Du machst das doch für dich und nicht für uns, du brauchst dich meiner Meinung nach bei niemandem zu Entschuldigen! Gut Ding will Weile haben


----------



## TheFurious (19. Dezember 2011)

Hahahahaaaaa!!!!! Hey BigSmoke! Bitte! Bekommst Du Geld von uns? Nein! Also entschuldige Dich nicht für fehlende Updates oder sonst etwas. Wie es der Eifelaner schon sagte: Du machst das für Dich und zeugst uns was Du fertig bekommen hast. Und ganz ehrlich: jeder der hier im Forum aktiv ist, ist ein Spinner! Also mach deine Bude fertig, zieh in aller Ruhe ein und schien das Video rein wenn Du Zeit hast


----------



## FreaksLikeMe (19. Dezember 2011)

*AW: Hausautomatisierung / vernetzung / serverraum: Ankündigung Video-Content "Update" 19.12.11*

Ansich ein cooles Projekt aber durch die ganze vernetzung, weiß nicht ob mir das gefallen würde, vorallem der Sicherheitsaspekt...
Wenn man dich mal Hackt xD Kann man ja alles machen..


----------



## Miezekatze (19. Dezember 2011)

*AW: Hausautomatisierung / vernetzung / serverraum: Ankündigung Video-Content "Update" 19.12.11*

Sau geiles Projekt  hast dir nen Daumen verdient


----------



## PSP-Hacker (19. Dezember 2011)

Da muss ich zustimmen!!!
Ich bleib auf jeden fall am ball


----------



## Manicmanuel (19. Dezember 2011)

*AW: Hausautomatisierung / vernetzung / serverraum: Ankündigung Video-Content "Update" 19.12.11*

Immernoch ein tolles und faszinierendes Projekt. 
Ich bleib dran.

PS: Die PENTHOUSE unter der Tastatur fand ich im Bilderupdate zu köstlich


----------



## Keygen (19. Dezember 2011)

*AW: Hausautomatisierung / vernetzung / serverraum: Ankündigung Video-Content "Update" 19.12.11*

Du baus um like a boss! 

also mir bleibt echt die spucke weg und ich glaub dieser zustand wird sich halten O.O

Brilliant!


----------



## clemens23 (20. Dezember 2011)

*AW: Hausautomatisierung / vernetzung / serverraum: Ankündigung Video-Content "Update" 19.12.11*

Verrückt..... verrückt geil! Kann dich nur beneinden! ;D Freu mich auch das Video!


----------



## rheumas (21. Dezember 2011)

*AW: Hausautomatisierung / vernetzung / serverraum: Ankündigung Video-Content "Update" 19.12.11*

moin,
tolles Projekt, hast da super Ideen umgesetzt, auf die man erstmal kommen muss.
Auch für meinen eigenen anstehenden Hausumbau könnte ich mir einige deiner Umsetzungen vorstellen.

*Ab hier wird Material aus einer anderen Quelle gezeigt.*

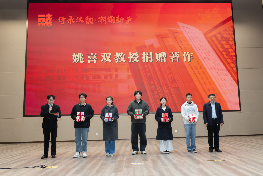 结合“全民阅读活动周”,姚教授向青年学子捐赠经典书籍,勉励广大学子多读书、读好书,自觉当好中华优秀传统文化的传承者与弘扬者。随后,他与师生代表共同合诵《七律・长征》。铿锵有力的诵读声回荡全场,字里行间饱含着对革命先辈的崇敬与缅怀,也迸发出新时代青年的蓬勃朝气,“彭城诗会”在经典吟咏中正式拉开序幕。

Was mich persönlich aber belasten bzw. mir zumindest Sorgen machen würde, ist die Sache mit dem Elektro-und WLan-Smog.
Ich weiß ja nicht wie empfindlich du bist, aber ich persönlich "spüre", wenn ich abends mein Wlan nicht ausgeschaltet habe und liege dann schlaflos im Bett. Und ich habe nur einen 0815-Router und nicht noch etliche Repeater, die wild um sich strahlen.
Deswegen verzcihte ich bisher auch noch auf solche Multiroom-Soundlösungen.
Bis auf dein Arbeitszimmer/Serverraum find ich auch alles stimmig und passig, aber zum Glück hat jeder seinen eigenen Geschmack und es muss/soll ja auch nur dir gefallen.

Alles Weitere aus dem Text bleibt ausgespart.